Scaling to millions
Notes for bots in the hundreds of thousands to millions of guilds, run as many cluster processes. This builds on Gateway and sharding and Caching and memory.
Notes for bots in the hundreds of thousands to millions of guilds, run as many cluster processes. This builds on Gateway and sharding and Caching and memory.
The core problem: cross-cluster duplication
Each cluster is a separate Node process with its own heap. A user who is in guilds spread across many clusters is cached once per cluster, so a popular user can sit in many heaps at once. JavaScript heaps cannot be shared between processes, so the library cannot dedupe this on its own. A shared external store (Redis) is the only way to hold one copy fleet-wide.

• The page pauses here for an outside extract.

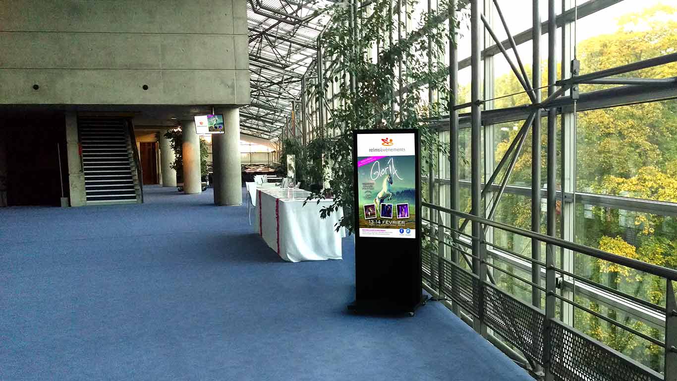 Reims Évènements a souhaité équiper ses différentes structures d'une solution d'affichage dynamique simple et performante pour dynamiser son accueil, améliorer les conditions évènementielles de ses visiteurs et communiquer davantage sur ses manifestions et ce qu'elles proposent. Pour le moment, 30 écrans ont été installés.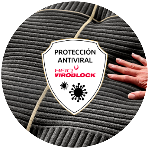 Tecnología suiza antiviral y antibacterial, presente en el tejido superior del colchón; que drestruye a través de contacto físico los virus y bacterias inhibiendo su proliferación, para que disfrutes de un sueño más higiénico y saludable.

The catch: Athena's cache is synchronous (gateway dispatch, permission math, and event construction all call .get() and cannot await). So Redis cannot transparently back .get(). The supported pattern keeps a bounded hot set in heap and resolves misses asynchronously.
The pattern
- Cap each cluster's heap with a bounded hot set.
- Write every seen record through to a shared Redis, keyed so all clusters share one copy.
- Resolve on demand with async accessors: hot set, then Redis, then REST.
import Redis from 'ioredis';
import { Client, RedisCacheStore, RemoteBackedCollection, User, Member } from 'athena';
const store = new RedisCacheStore(new Redis(process.env.REDIS_URL), {
prefix: 'zira:', // share the SAME prefix across all clusters to dedupe
ttlSeconds: 86_400, // optional expiry
updateTTLOnGet: true // optional sliding expiration
});
const client = new Client(token, {
cache: {
remoteStore: store,
users: () => new RemoteBackedCollection(User, 50_000, store, 'user'),
members: (guild) => new RemoteBackedCollection(Member, 50_000, store, `member:${guild.id}`)
}
});Then resolve through the tiers instead of synchronous .get():
const user = await client.fetchUser(userID); // hot set -> Redis -> REST
const member = await guild.fetchMember(userID); // hot set -> Redis -> RESTRemoteBackedCollection write-throughs the raw payload on add (fire-and-forget, never blocking dispatch) and reconstructs it on fetch. client.users.get() / guild.members.get() still work but see only the local hot set.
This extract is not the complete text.